Problem to solve
Starting at the line that contains "メランジ糸ならではの奥行きあ", write out every line to the end of the records below exactly, and leave out the pictures.

---------- Extracted entries ----------

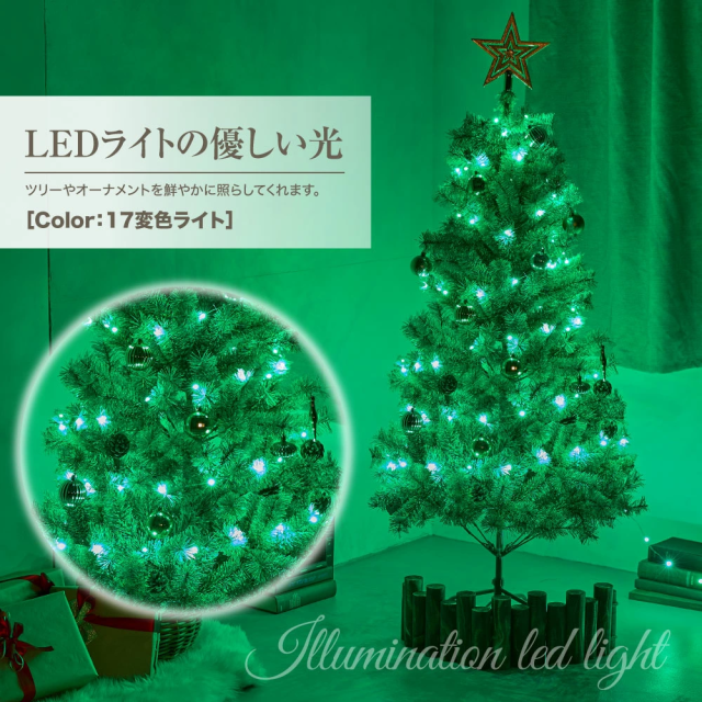 2.100球のLEDライトは、ひとつひとつが明るく鮮やかに光ります。
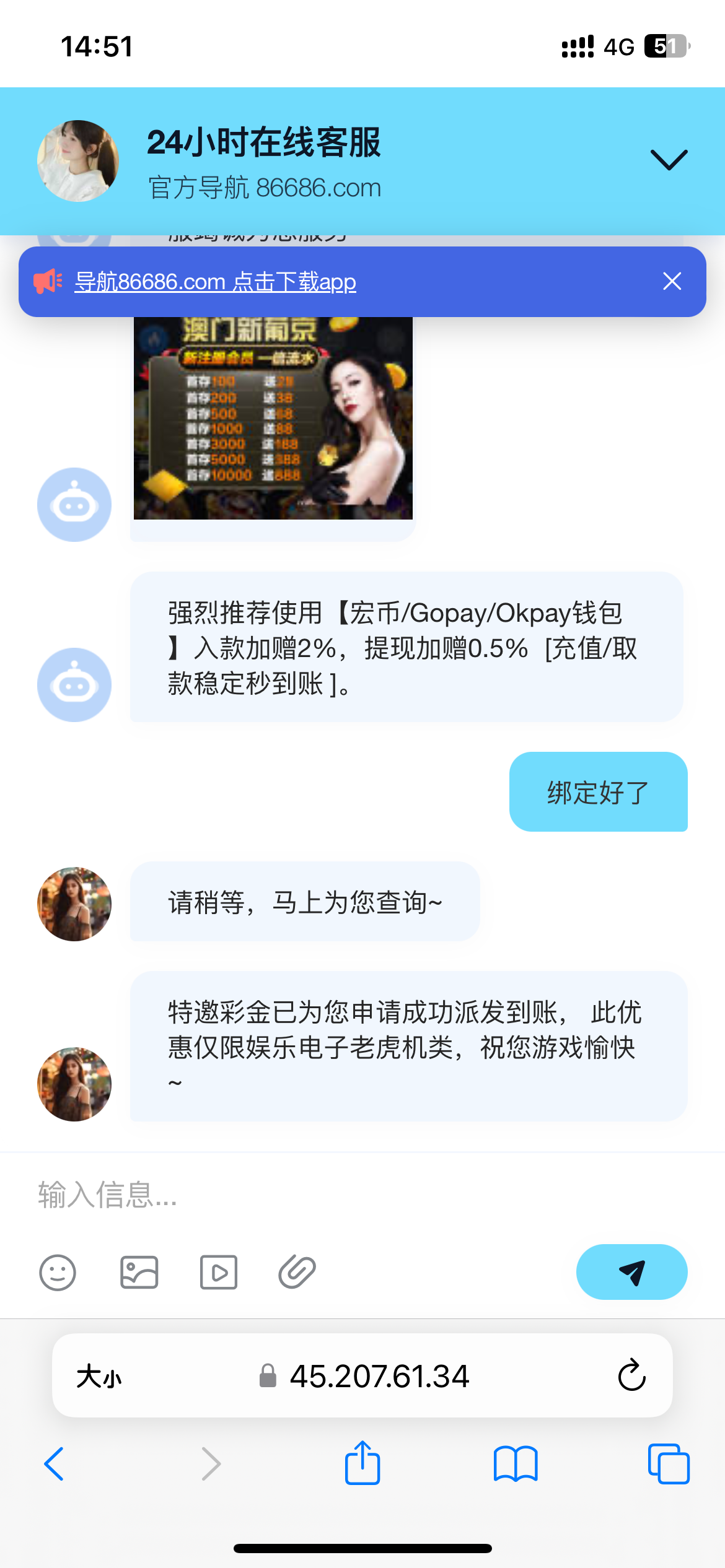 注册绑卡联系客服申请 我另一个手机号没接到电话也领到了 电话给的网址63379.vip
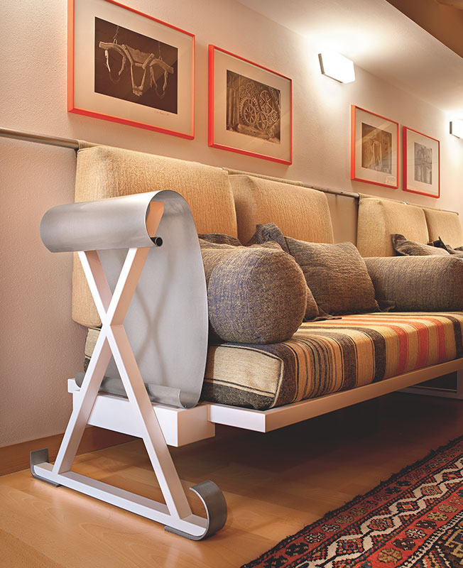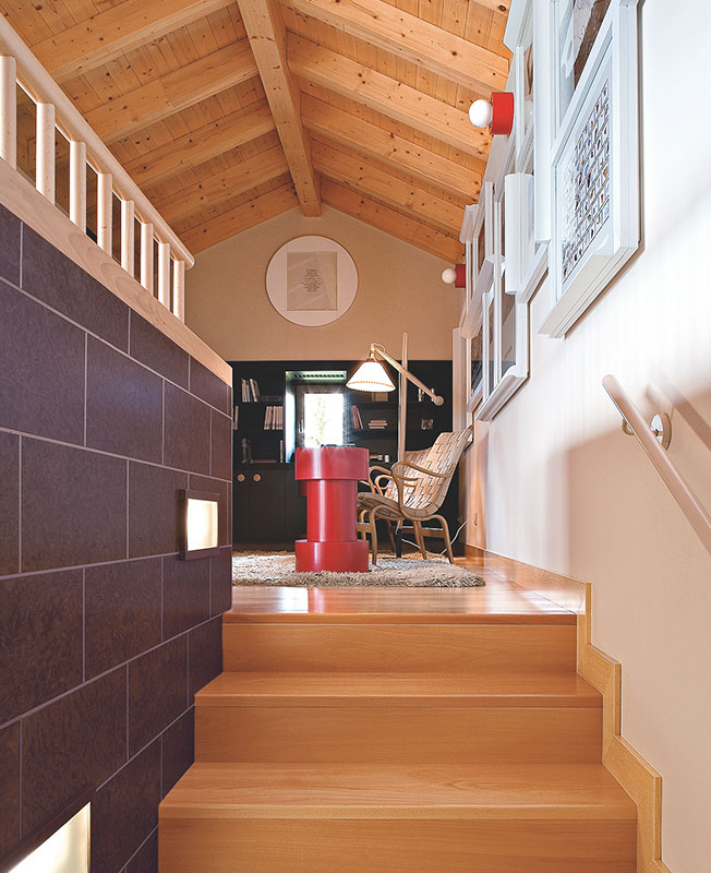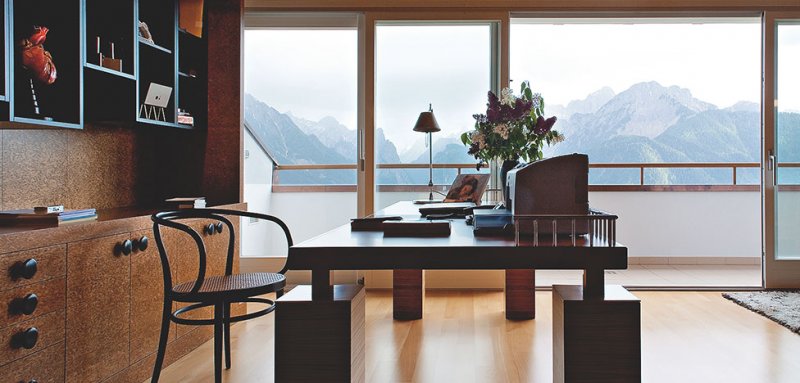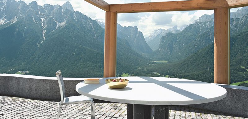 Сохранены и маленькие окна, характерные для местной архитектуры. В то же время альпийская аутентичность оживлена сильными современными знаками. Например, вместо типичного деревянного балкончика над входом появился широкий карниз из оксидированной меди. Его поддерживают две массивные колонны из черного мрамора. Тема «столпа» продолжается и внутри: по дому расставлены характерные столики Этторе Соттсасса.
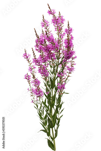 Lythrum salicaria flowers isolated on white background
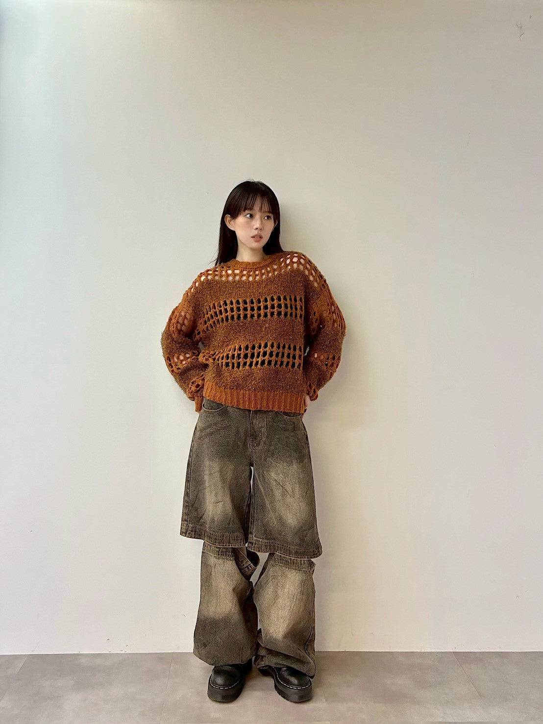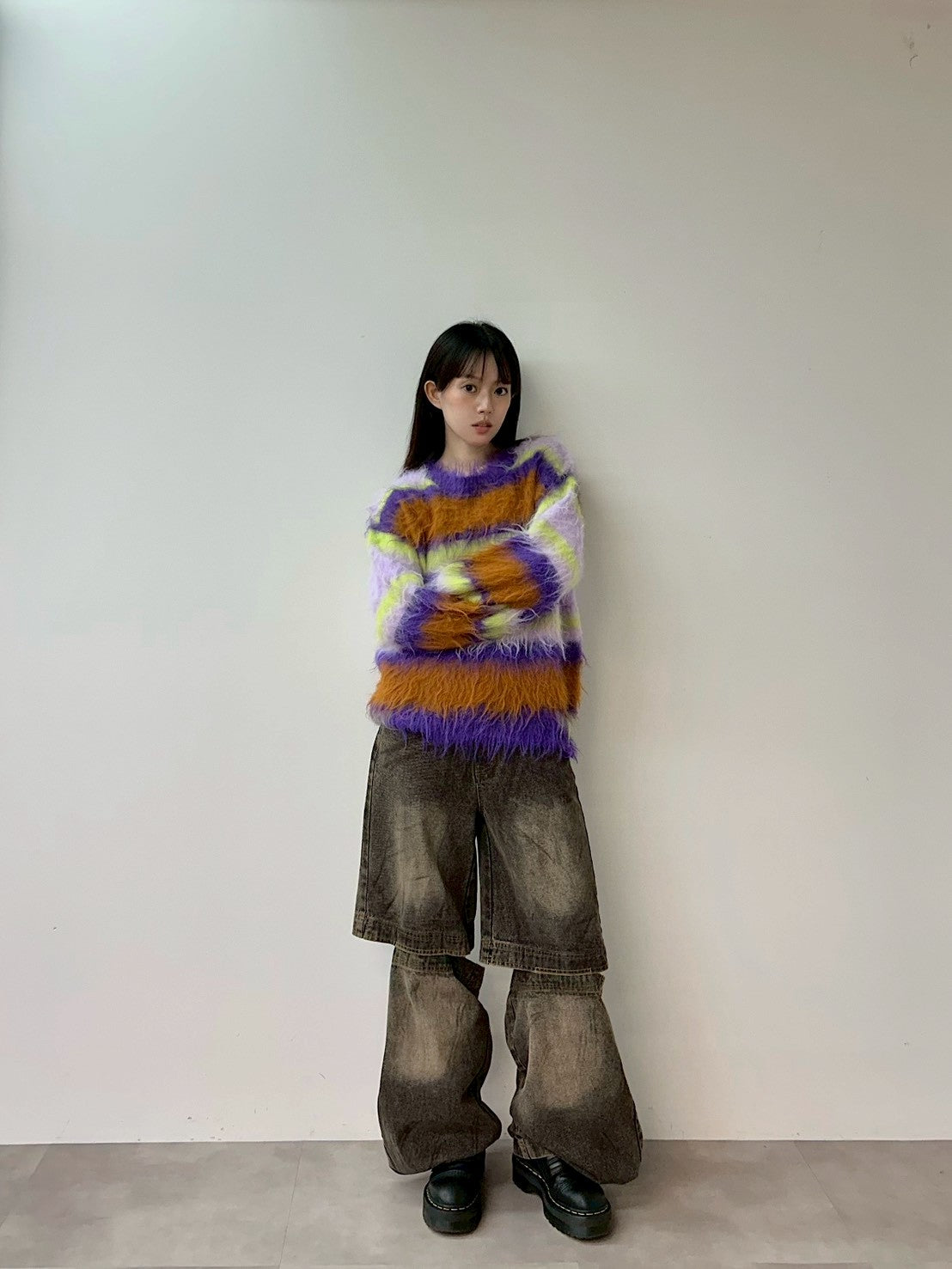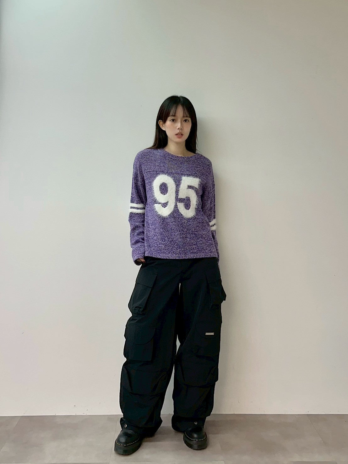 メランジ糸ならではの奥行きある色合いが魅力のニットトップス。フロントの大胆なナンバリングと袖のライン部分にはシャギー糸を使用し、ふんわりとした質感がシーズンムードを高めてくれます。スポーティなモチーフを取り入れながらも、メランジのニュアンスカラーによって大人っぽく着られるバランスに仕上げた一枚。デニムやスカートとの相性も良く、デイリースタイリングに取り入れやすいアイテムです。
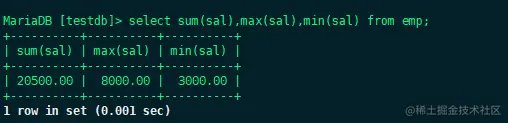 select sum(sal),max(sal),min(sal) from emp;
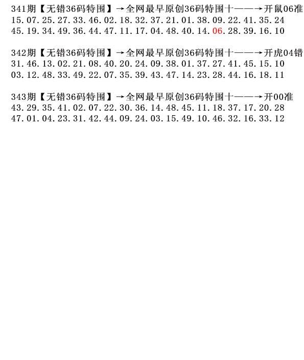 341期: 《 小数+4头》开:鼠06 |

----------

Task response
 メランジ糸ならではの奥行きある色合いが魅力のニットトップス。フロントの大胆なナンバリングと袖のライン部分にはシャギー糸を使用し、ふんわりとした質感がシーズンムードを高めてくれます。スポーティなモチーフを取り入れながらも、メランジのニュアンスカラーによって大人っぽく着られるバランスに仕上げた一枚。デニムやスカートとの相性も良く、デイリースタイリングに取り入れやすいアイテムです。
 select sum(sal),max(sal),min(sal) from emp;
 341期: 《 小数+4头》开:鼠06 |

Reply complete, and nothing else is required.